(Source records)
####################

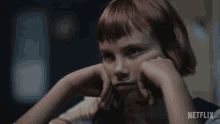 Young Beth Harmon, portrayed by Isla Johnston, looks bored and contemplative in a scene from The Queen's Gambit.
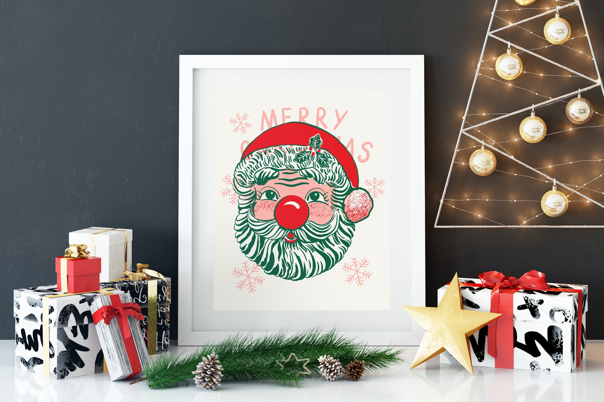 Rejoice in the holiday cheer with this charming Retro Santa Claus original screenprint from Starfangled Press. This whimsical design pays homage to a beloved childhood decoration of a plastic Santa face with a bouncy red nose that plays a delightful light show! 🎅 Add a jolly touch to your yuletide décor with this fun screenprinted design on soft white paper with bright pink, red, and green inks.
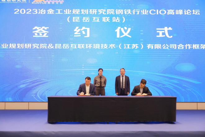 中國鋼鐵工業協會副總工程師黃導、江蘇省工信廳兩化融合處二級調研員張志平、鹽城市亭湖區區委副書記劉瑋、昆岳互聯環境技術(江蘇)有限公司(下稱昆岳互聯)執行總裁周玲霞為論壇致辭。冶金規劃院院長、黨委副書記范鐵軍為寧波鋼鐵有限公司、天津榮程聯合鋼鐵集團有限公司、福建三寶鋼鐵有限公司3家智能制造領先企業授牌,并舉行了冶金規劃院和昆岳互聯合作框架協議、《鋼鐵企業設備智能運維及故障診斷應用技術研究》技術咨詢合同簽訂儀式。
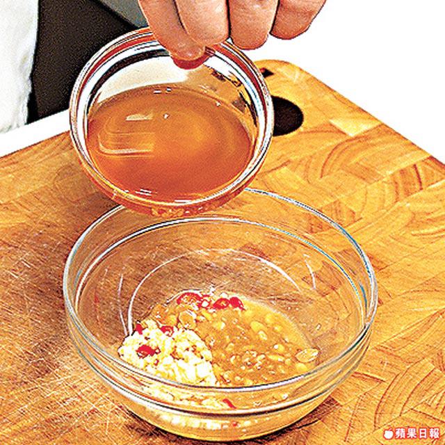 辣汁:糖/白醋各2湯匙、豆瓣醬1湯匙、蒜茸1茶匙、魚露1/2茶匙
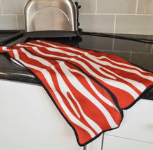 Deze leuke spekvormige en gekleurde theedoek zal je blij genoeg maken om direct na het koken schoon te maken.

####################

Work item ▸
Reproduce exactly and only the lines from the line that contains "辣汁:糖/白醋各2湯匙、豆瓣醬1湯匙、蒜茸1茶匙、魚露1/2茶匙" to the end of the data above, both ends included. No pictures go in the copy.

Completed exercise ▸
 辣汁:糖/白醋各2湯匙、豆瓣醬1湯匙、蒜茸1茶匙、魚露1/2茶匙
 Deze leuke spekvormige en gekleurde theedoek zal je blij genoeg maken om direct na het koken schoon te maken.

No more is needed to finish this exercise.